Even more isolated was the Chinese laundry man at the Foot. No one in Lake Cowichan remembered for sure how long Woo Chung and his two sons had been there, or even if it had always been Woo Chung who owned the laundry that hid from the rest of the village amid stumps and fallen logs on the far side of the E&N tracks. But Syd Scholey remembered that every Christmas—”never missed”—Woo brought Syd’s store-owner father a tin of ginger, a Chinese lily bulb and a bag of lychee nuts. Frank and Louisa Green’s son, Trevor, who has been at the lake all his life, can’t remember a time when the laundry wasn’t there. His mother sent her soiled sheets and towels to Woo in the summer when she had guests staying at their tourist camp at Greendale. The linens came back wrapped in newspaper, one of several packages bundled in a huge sheet and borne on the back of the small man as he went about the village making his deliveries.
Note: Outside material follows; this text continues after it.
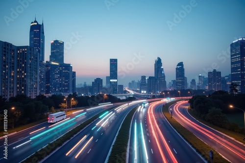 Beautiful city skyline at twilight featuring vibrant traffic light trails and modern skyscrapers under a dusky sky with hints of artificial intelligence influence in urban planning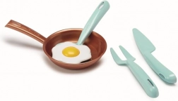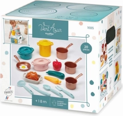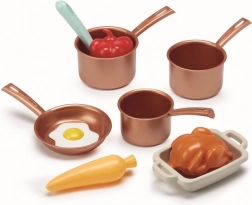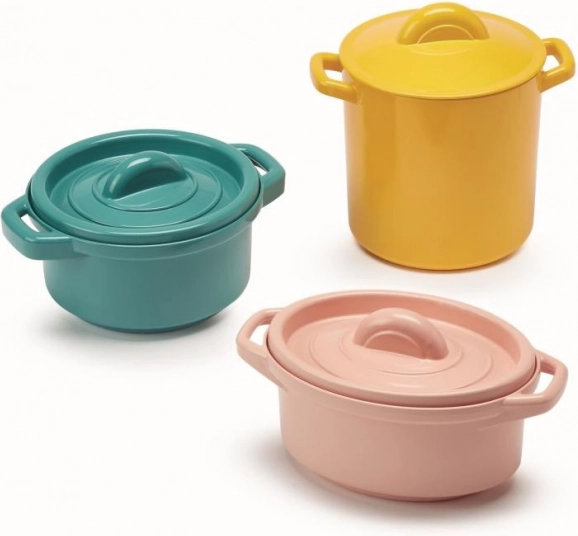 Sættet inkluderer et væld af farverige gryder og pander, som vækker små kokkes nysgerrighed.

Trevor went to school with Woo Chung’s sons, whom the other students called Big Woo (because he was tall) and Little Woo (because he wasn’t). But Big Woo and Little Woo had real names, and although the local newspaper correspondent was never able to get them quite right, their names, or versions of them, were recorded for posterity when the boys were promoted and when the younger placed third in the junior grades on prize day.
In a student body that averaged seventeen in the early 1920s, Dora, Lena and Walter (a.k.a. Moody) Pappenburger were the only First Nations children. They lived with their parents near the old shake mill in the area known to the rest of the villagers by the pejorative “Siwash Bay.” Trevor remembers the little silver earrings worn by the two girls and the braid of thick black hair that hung down Dora’s back the year she sat in front of Trevor in school. That braid was tantalizingly close to his inkwell. With just the smallest push of his Maclean straight pen, he thought he might be able to dip the braid into the ink. Tom Sawyer had done it; why not Trevor? Just as he was sure of success, Dora turned around and hissed “You go to hell.”
And my upbringing had been that you didn’t talk like that … and I expected her to disappear in a puff of blue smoke but she didn’t. She sat there large as life.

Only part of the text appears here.